◆ **Problem details**
No picture should appear in the copy. Transcribe exactly, and only, the lines from the one with "遠藤ロープに振ってヒップトス、ロープに飛んでドロップキック(左写真)。" through the last line of the data below.

◆ **Dataset excerpt**
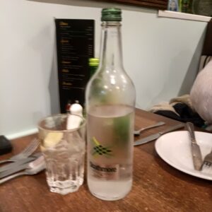 Drinks: Marg and Hector would share a large bottle of Sparkling Water, Eleanor a small bottle of Still, presumably. Fresh Orange for Howard, Yellow, fizzy, Lager for Steve.
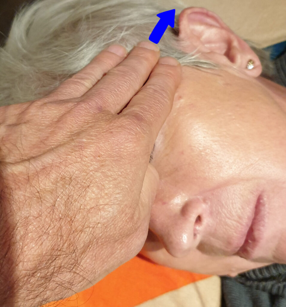 Se lleva a cabo mediante un interrogatorio transversal en la superficie (epidermis) del ala grande de los esfenoides (foto 1).
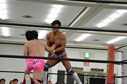 遠藤ロープに振ってヒップトス、ロープに飛んでドロップキック(左写真)。
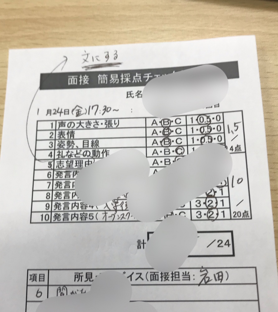 志望理由が固まっていない子が多いので、そういう子には、文をまず作るよう指導しています。

◆ **Task response**
 遠藤ロープに振ってヒップトス、ロープに飛んでドロップキック(左写真)。
 志望理由が固まっていない子が多いので、そういう子には、文をまず作るよう指導しています。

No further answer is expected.